Dopo 4 anni finalmente si è capito cosa ha ucciso nel 2013 una giornalista giapponese di soli 31 anni.

Un dirigente della Nhk, Masahiko Yamauchi, ha detto di credere che la morte di Sado imponga una riflessione sull'intera organizzazione del lavoro, a partire dal modo fu organizzata la copertura delle elezioni del 2013.

In Giappone si muore di lavoro si tratta del fenomeno del "karoshi".

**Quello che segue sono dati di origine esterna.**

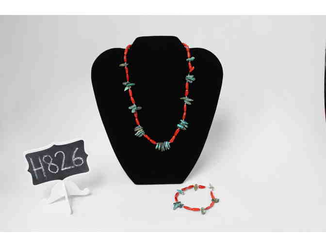 Red coral and turquoise necklace and matching bracelet.
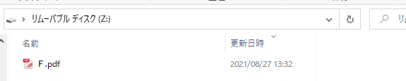仮想ドライブ上にあったE.pdfファイルがUSBドライブの非保護領域に移動している。
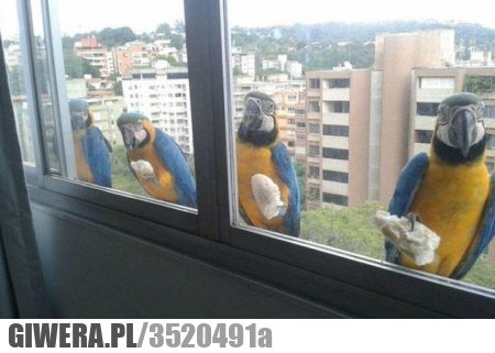 To jest jedna papuga tylko zdjecie zrobione 4 razy i sklejone
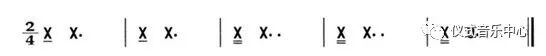 第二种是阴鬼师击打“啼啕”的声音。啼啕一定要敲的响,巴哼人观念中敲“啼啕”的“响”不是声音大,而是指符合特定的节奏律动。根据阴鬼师伯森冇(侄)的描述做分析,敲“啼啕”的时候要敲出特定的节奏型,如下:

Il troppo lavoro uccide. "Ancora oggi non possiamo accettare la morte di nostra figlia come qualcosa di reale - si legge nel comunicato -". Già nel maggio del 2014 le autorità che vigilano sul lavoro in Giappone avevano stabilito che la morte della giornalista era dovuta a una insufficienza cardiaca congestizia, una malattia cronica che indebolisce i muscoli del cuore, debilitandoli e impedendo loro di pompare sufficiente sangue. Negli ultimi 18 mesi sono almeno 2mila le persone che si sono tolte la vita perché non hanno retto alla mole eccessiva di lavoro.

Proprio per risolvere questo problema il governo giapponese sta vagliando varie proposte: da mettere un tetto massimo di tre ore di straordinario, fino a delle sanzioni per le aziende che non dovessero rispettare questo parametro. Inoltre, pare che ultimamente sia stata lanciata una campagna per far sì che i dipendenti ogni ultimo venerdì del mese, lascino all'ufficio prima delle ore 3:00 del pomeriggio.